From the line with "Vintage 6er-Set Farbige" through the line with "陜北革命舊址寫生,面對復雜的", inclusive, return each line of the data below exactly and leave the rest out.
═════ Task input ═════
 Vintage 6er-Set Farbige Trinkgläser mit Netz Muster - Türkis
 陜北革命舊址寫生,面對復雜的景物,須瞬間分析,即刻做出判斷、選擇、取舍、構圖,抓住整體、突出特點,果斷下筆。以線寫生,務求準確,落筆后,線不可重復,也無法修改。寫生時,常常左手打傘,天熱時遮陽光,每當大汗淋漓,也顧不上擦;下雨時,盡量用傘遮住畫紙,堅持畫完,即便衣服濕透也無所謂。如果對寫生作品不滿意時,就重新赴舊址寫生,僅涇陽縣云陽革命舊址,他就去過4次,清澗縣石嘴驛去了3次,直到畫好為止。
═════
═════ Task input ═════
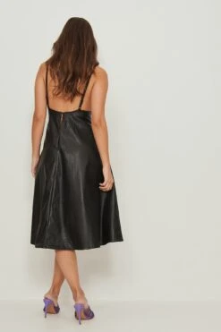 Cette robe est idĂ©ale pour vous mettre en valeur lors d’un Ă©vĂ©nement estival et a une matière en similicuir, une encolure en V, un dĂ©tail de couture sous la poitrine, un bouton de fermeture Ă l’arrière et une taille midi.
═════
═════ Task input ═════
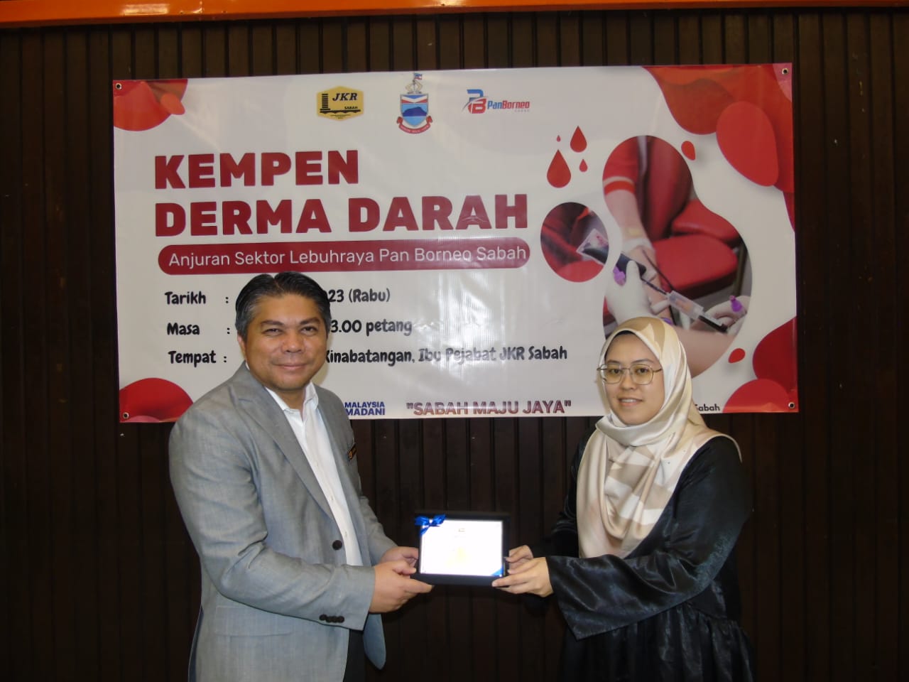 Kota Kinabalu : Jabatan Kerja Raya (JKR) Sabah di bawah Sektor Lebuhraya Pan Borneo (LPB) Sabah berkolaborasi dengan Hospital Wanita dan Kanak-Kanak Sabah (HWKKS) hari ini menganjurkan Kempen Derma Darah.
═════
■ Written response:
 Vintage 6er-Set Farbige Trinkgläser mit Netz Muster - Türkis
 陜北革命舊址寫生,面對復雜的景物,須瞬間分析,即刻做出判斷、選擇、取舍、構圖,抓住整體、突出特點,果斷下筆。以線寫生,務求準確,落筆后,線不可重復,也無法修改。寫生時,常常左手打傘,天熱時遮陽光,每當大汗淋漓,也顧不上擦;下雨時,盡量用傘遮住畫紙,堅持畫完,即便衣服濕透也無所謂。如果對寫生作品不滿意時,就重新赴舊址寫生,僅涇陽縣云陽革命舊址,他就去過4次,清澗縣石嘴驛去了3次,直到畫好為止。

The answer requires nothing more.